The frequency of medical ultrasound ranges between 2 and 20 MHz. The speed of sound in tissues is about 1,500 m/sec. The average wavelength of the ultrasound beam in this band is less than 1 mm. This limits the use of ultrasound to structures that are 1 mm in diameter or larger (Fig. 6.1). Most nerves of interest range from 2 to 10 mm. Veins and arteries of interest are typically 3 to 15 mm.

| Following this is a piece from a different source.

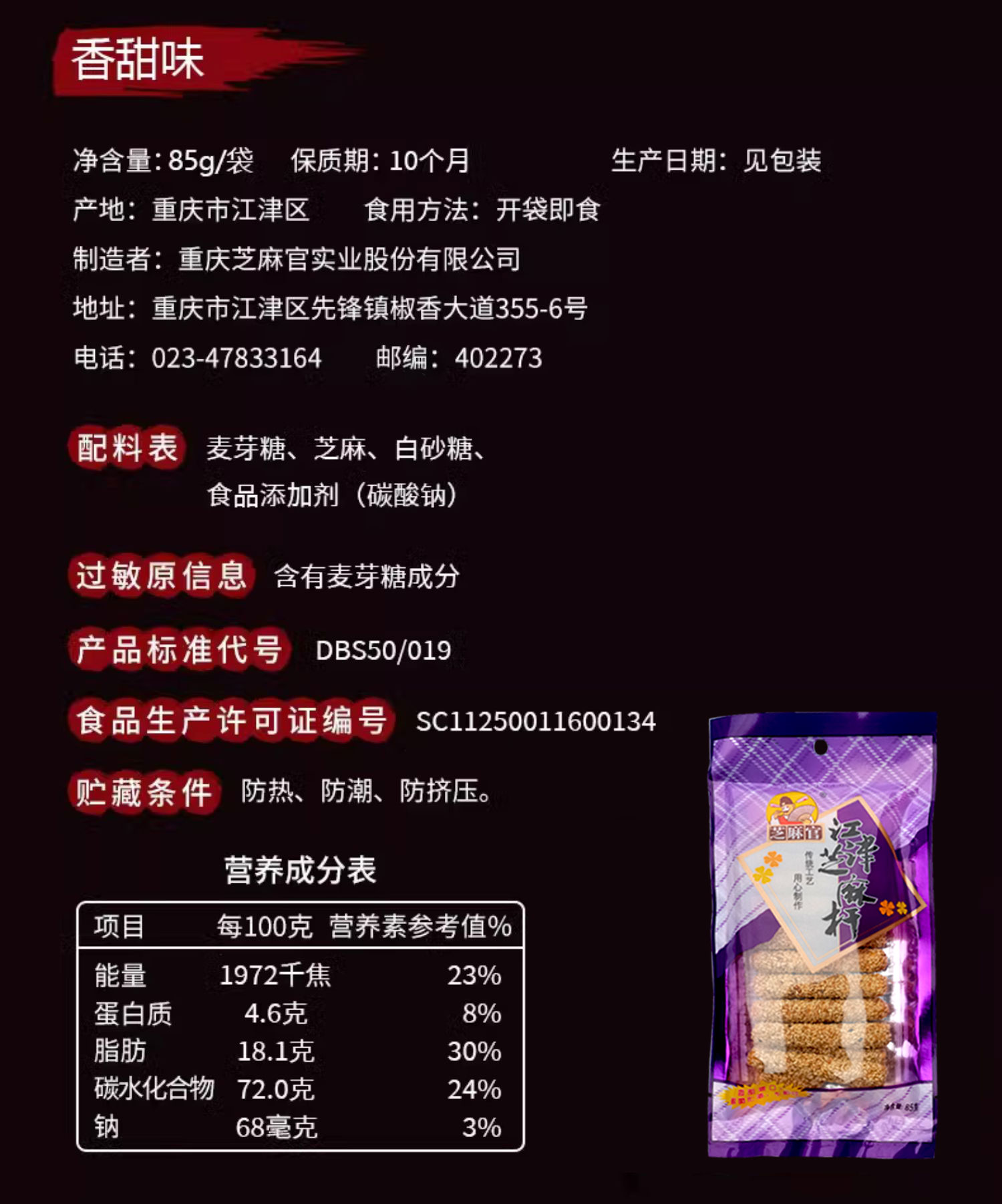 芝麻杆 重庆特产老式小吃85g袋装怀旧零食

Many factors contribute to the quality and resolution of the ultrasound image. In general, higher frequency probes generate higher resolution images. Unfortunately, the signal strength or intensity (I) of high-frequency ultrasound waves (10 to 20 MHz) is rapidly attenuated in tissue. Thus, high-frequency probes are best suited for structures less than 4 cm deep from the skin. For deeper structures, probes in the 2 to 5 MHz range are more useful (Fig. 6.2). The speed of sound in air and tissues varies from 300 m/sec in air to 4,000 m/sec in bone. In soft tissues, blood, and cystic fluid, the speed of sound is about 1,500 m/sec. Most ultrasound platforms assume an average speed for beam propagation of about 1,500 m/sec. Because the speed of sound differs slightly in different types of soft tissues, small imaging artifacts may occur as the beam passes from one tissue type to another. This occurs most frequently when the beam passes from soft tissue through blood or cystic fluid.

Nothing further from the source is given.